▼

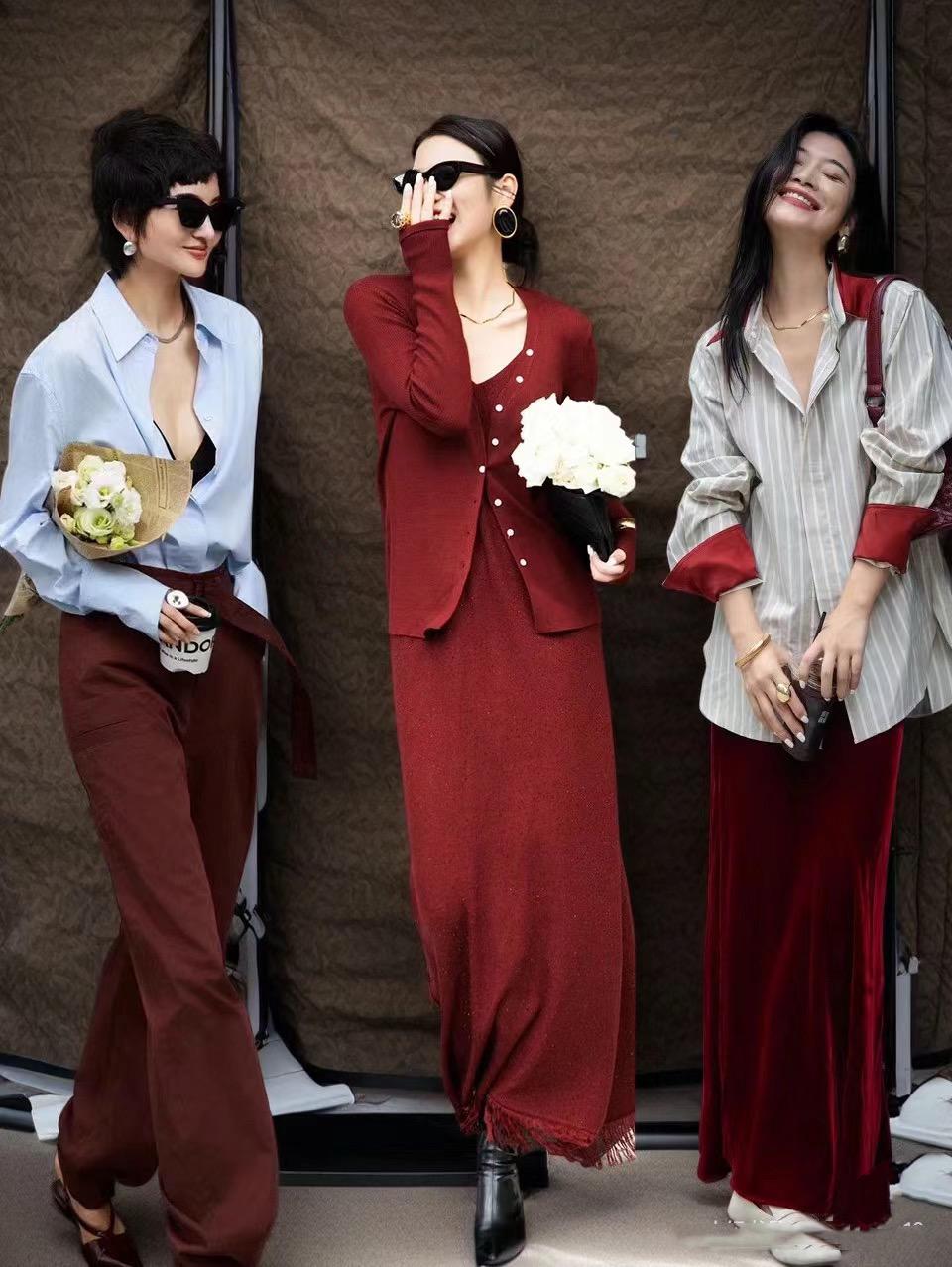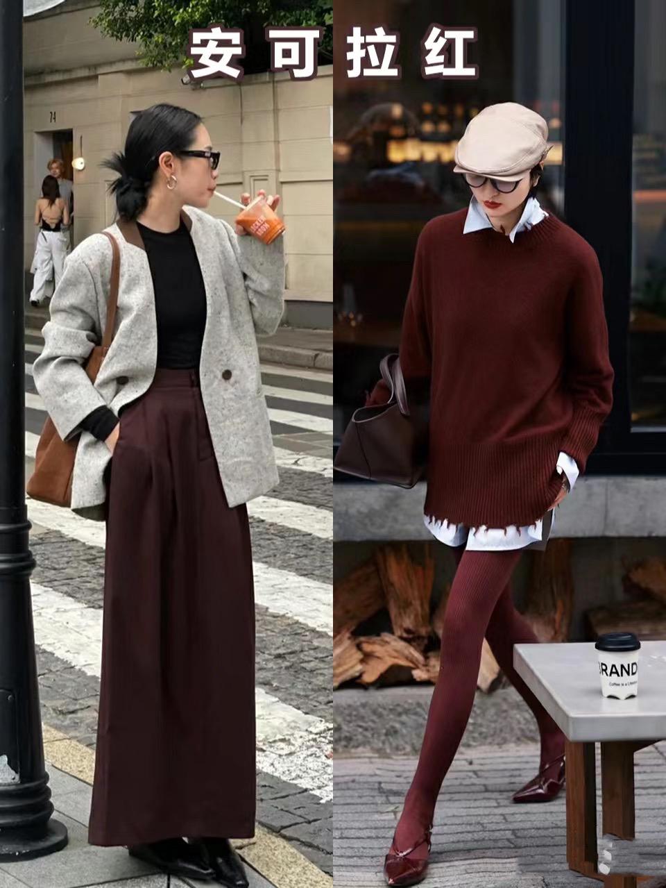 安可拉红的针织套裙,那么妖娆又惹眼。想大气一点,就穿安可拉红的阔腿裤吧,配浅蓝色衬衫又飒又美。
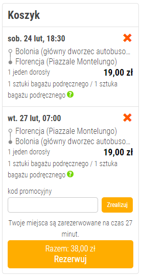 Flixbus | Bolonia – Florencja (kilka kursów dziennie) | 38 PLN | 24 lutego
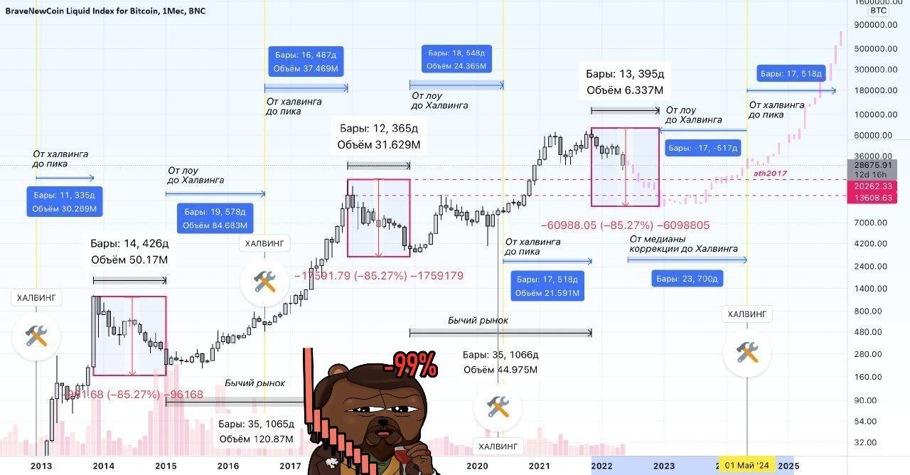 Исторически всегда наблюдался рост перед халвингом и соответственно постхалвинговый рост, так же почти каждый даунтренд до наших дней заканчивался зимой, соответственно дна мы должны касаться ~зимой 23 года
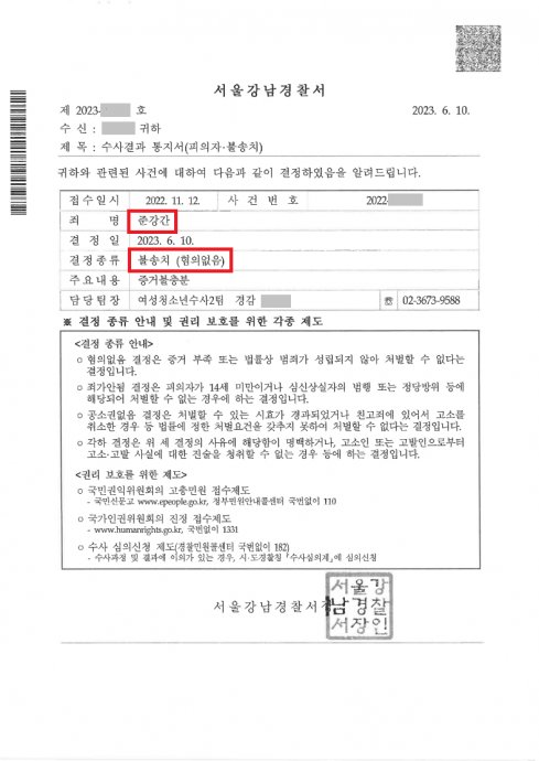 이 사건 담당수사관은 캡틴법률사무소의 주장대로 해당 여성의 진술에 모순점이 있음을 인정하여 의뢰인에 대하여 혐의없음 불송치 결정을 함으로써 의뢰인은 억울한 형사처벌도 피하고, 직장도 지켜내는 등 일상으로 돌아갈 수 있게 되었습니다.
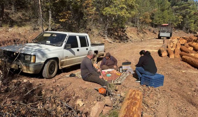 Mersin'den Antalya'ya gelip Toroslar 'da ağaç kesimi yapıyorlar. 40 yıllık meslek geleneğini sürdürüyorlar.
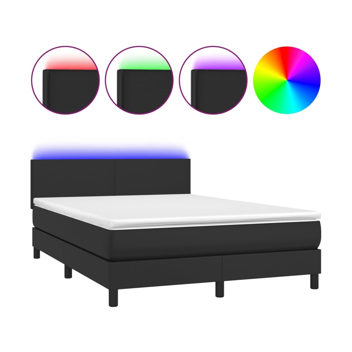 Utiliza esta cama box spring con colchón y LED para disfrutar de un sueño reparador. Es el centro de atención de tu dormitorio. Material duradero: El cuero sintético de primera calidad es un material muy duradero. Es resistente a las manchas, por lo que es fácil de limpiar con un paño húmedo. Además, la superficie lisa da un aspecto lujoso y la belleza del cuero auténtico.Cabecero práctico: El cabecero de la cama es ajustable en altura según tus preferencias. El cabecero de la cama te proporciona un excelente apoyo para la espalda mientras estás sentado en la cama para leer o ver la televisión.Tira de LED de colores: Alegra la oscuridad con luces LED de colores.Colchón de muelles ensacados: El muelle ensacado individual incorporado es conocido por su altísima calidad, al tiempo que garantiza un alto nivel de durabilidad y adaptabilidad. Puede absorber eficazmente el ruido y los golpes causados por los lanzamientos y los giros.Protector de colchón respetuoso con la piel: El protector de colchón tiene una funda de tejido resistente y respetuoso con la piel, que lo hace suave y confortable. Nota:Por razones de higiene, el colchón no puede devolverse si se ha quitado o abierto el embalaje.Cada producto viene con un manual de montaje en la caja para facilitar el montaje.Únicamente puedes cortar por la parte con el símbolo de las tijeras y únicamente la parte con el USB seguirá funcionando como antes.El producto tiene un conector USB, pero no se incluye la fuente de alimentación USB de 5 V certificada.
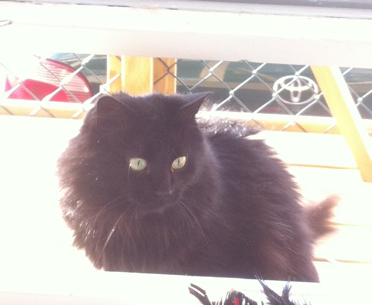 GULE OG SVÆRT RUNDE ØYNE. HUN HAR VELDIG LANG OG LODDEN HALE SOM HUN OFTE HAR RETT OPP.HUN LIKER Å BLI KLAPPET, MEN IKKE Å BLI HOLDT. HUN ER LITT FORSIKTIG AV SEG.
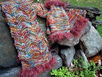 A fun scarf and mitts set to knit in DK yarn with or without trim. Knits up quickly and makes a great last-minute hand knitted gift.
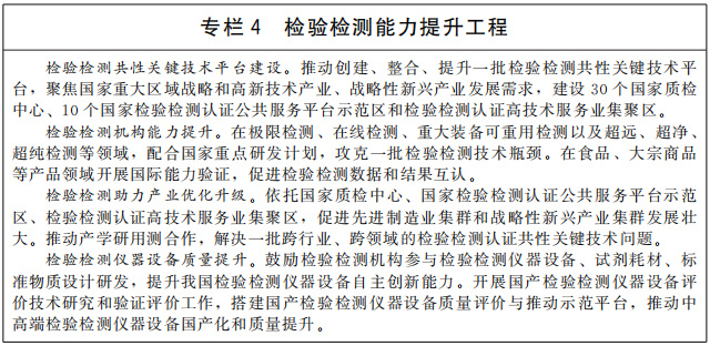 加強科技支撐體系建設(shè)。鼓勵市場監(jiān)管領(lǐng)域科研創(chuàng)新,加強市場監(jiān)管重點領(lǐng)域關(guān)鍵技術(shù)攻關(guān)和先進裝備研制,布局一批國家和部門科技創(chuàng)新基地。重點推進中國標準化研究院國家標準館建設(shè)工程和昌平實驗基地二期建設(shè)工程、中國計量科學研究院實驗基地二期建設(shè)工程、國家食品質(zhì)量安全檢(監(jiān))測能力建設(shè)工程、國家消費品質(zhì)量安全風險監(jiān)測預警能力建設(shè)工程等建設(shè),全面提升市場監(jiān)管科技支撐能力。
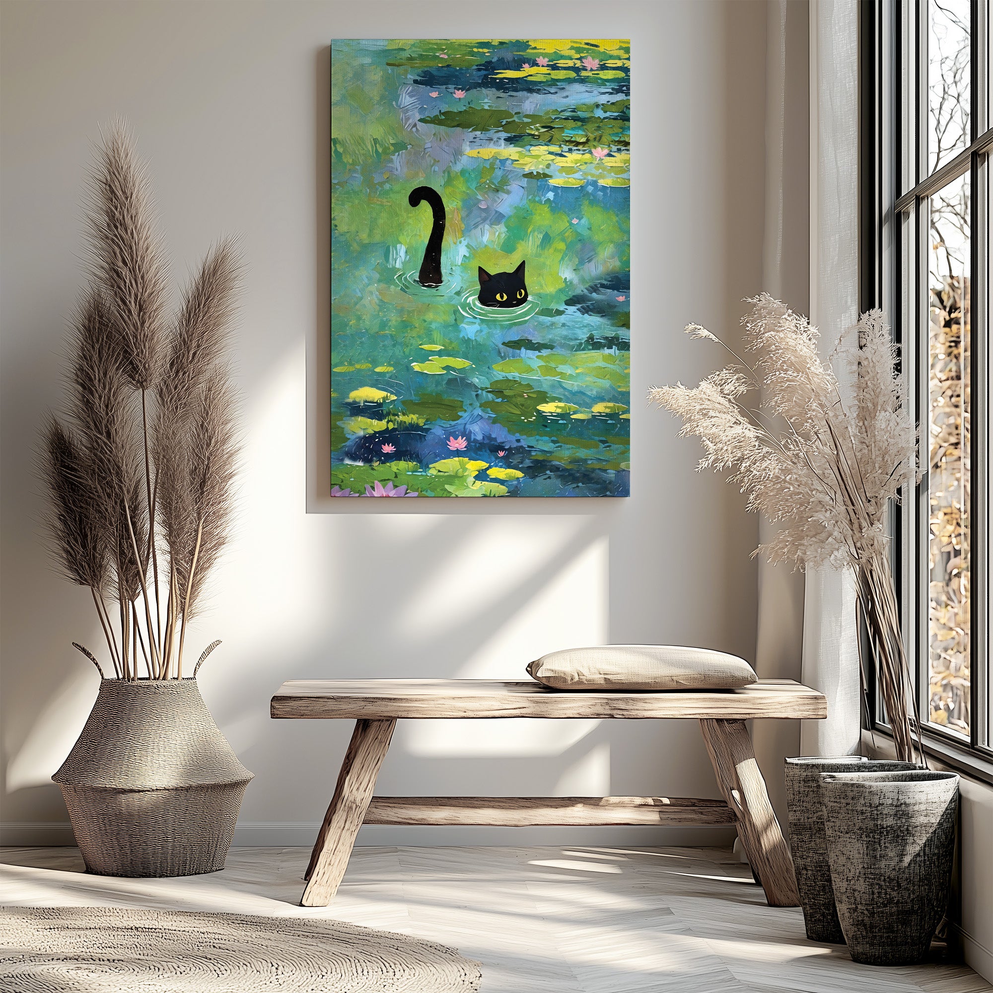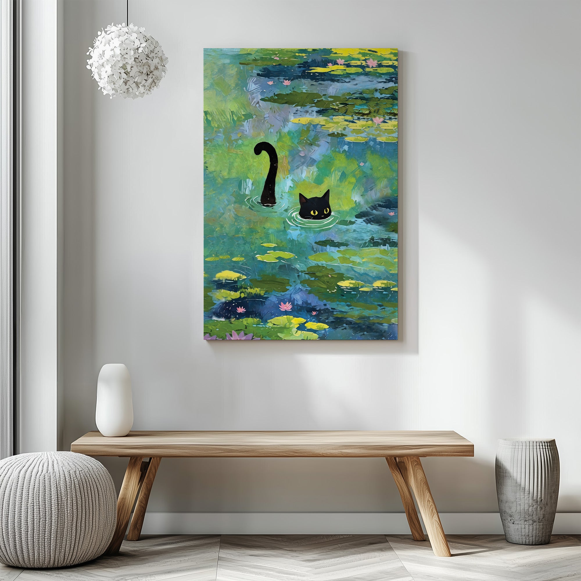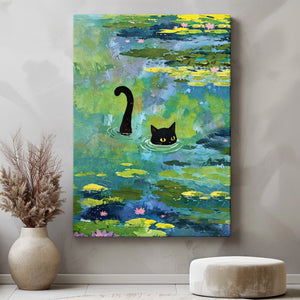 Cat In Lotus Pond Canvas - Best Cat Canvas
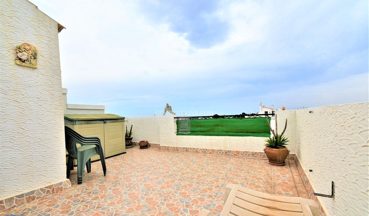 A Quad 3 bedroom, 2 bathroom house with a private rooftop solarium located in Dream Hills, Los Altos, Costa Blanca. This beautiful property is offered for sale in good condition, it is being sold furnished. It is a quiet location and benefits from the option of two different community pools. There are also several bars and restaurants within a short walk.
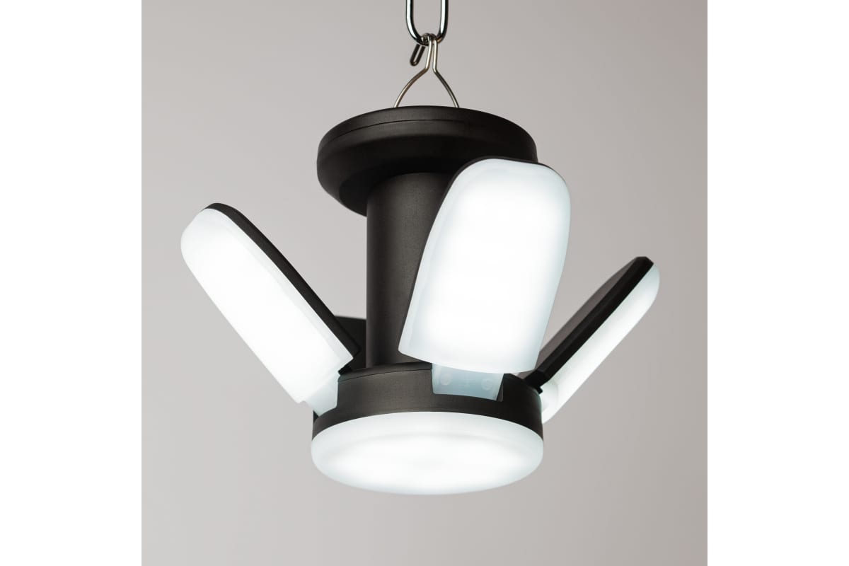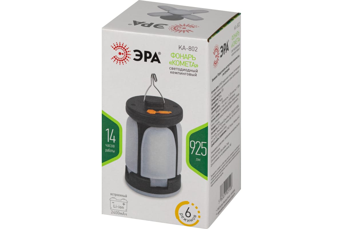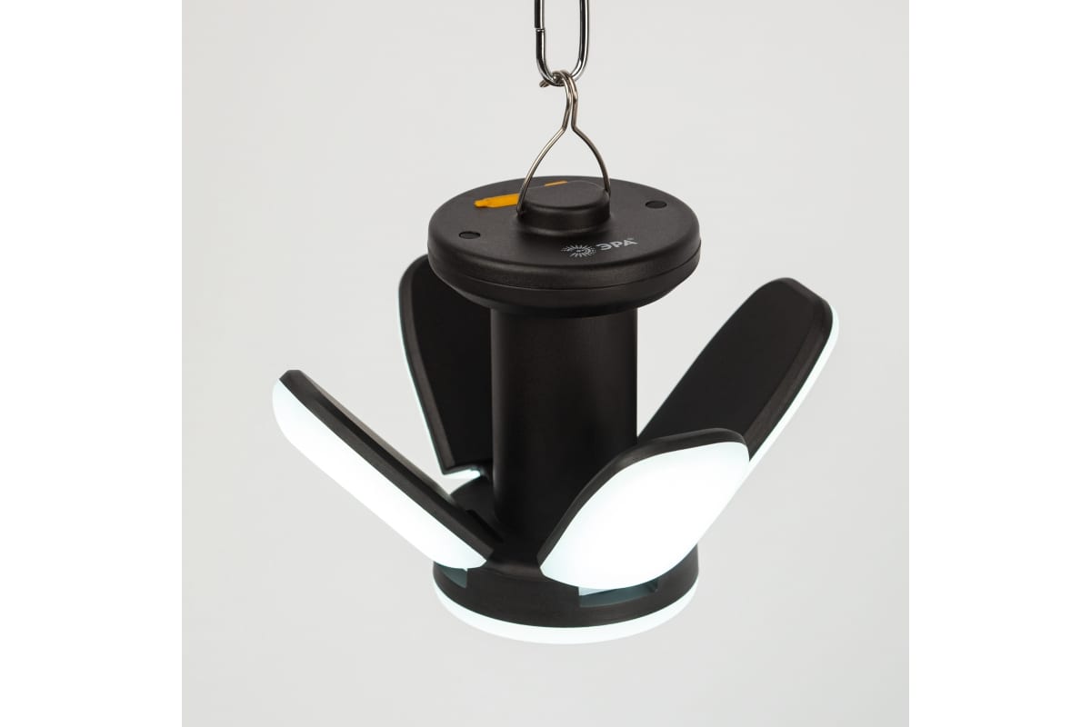ЭРА КА-802 «Комета» - компактный и легкий фонарь-светильник линейки кемпинговых фонарей торговой марки ЭРА. Новый светодиодный фонарь имеет конструкцию трансформера и позволяет организовать полноценное походное освещение на привале. Угол наклона каждого из 4 светодиодных модулей можно регулировать, качественно подсвечивая определённые зоны пространства. В полураскрытом варианте, делающем LED-фонарь похожим на комету, ЭРА КА-802 формирует широкое заливающее освещение, в раскрытом – более направленную яркую подсветку. Вариант со сложенными светодиодными модулями – это уютный настольный светильник для кемпинга.

▲

_REQUIREMENT_:
Go from the first line of the data above to the line containing "Mersin'den Antalya'ya gelip" and retype exactly those lines, both included, but none of the pictures.

_RESULT OF THIS EXERCISE_:
 安可拉红的针织套裙,那么妖娆又惹眼。想大气一点,就穿安可拉红的阔腿裤吧,配浅蓝色衬衫又飒又美。
 Flixbus | Bolonia – Florencja (kilka kursów dziennie) | 38 PLN | 24 lutego
 Исторически всегда наблюдался рост перед халвингом и соответственно постхалвинговый рост, так же почти каждый даунтренд до наших дней заканчивался зимой, соответственно дна мы должны касаться ~зимой 23 года
 이 사건 담당수사관은 캡틴법률사무소의 주장대로 해당 여성의 진술에 모순점이 있음을 인정하여 의뢰인에 대하여 혐의없음 불송치 결정을 함으로써 의뢰인은 억울한 형사처벌도 피하고, 직장도 지켜내는 등 일상으로 돌아갈 수 있게 되었습니다.
 Mersin'den Antalya'ya gelip Toroslar 'da ağaç kesimi yapıyorlar. 40 yıllık meslek geleneğini sürdürüyorlar.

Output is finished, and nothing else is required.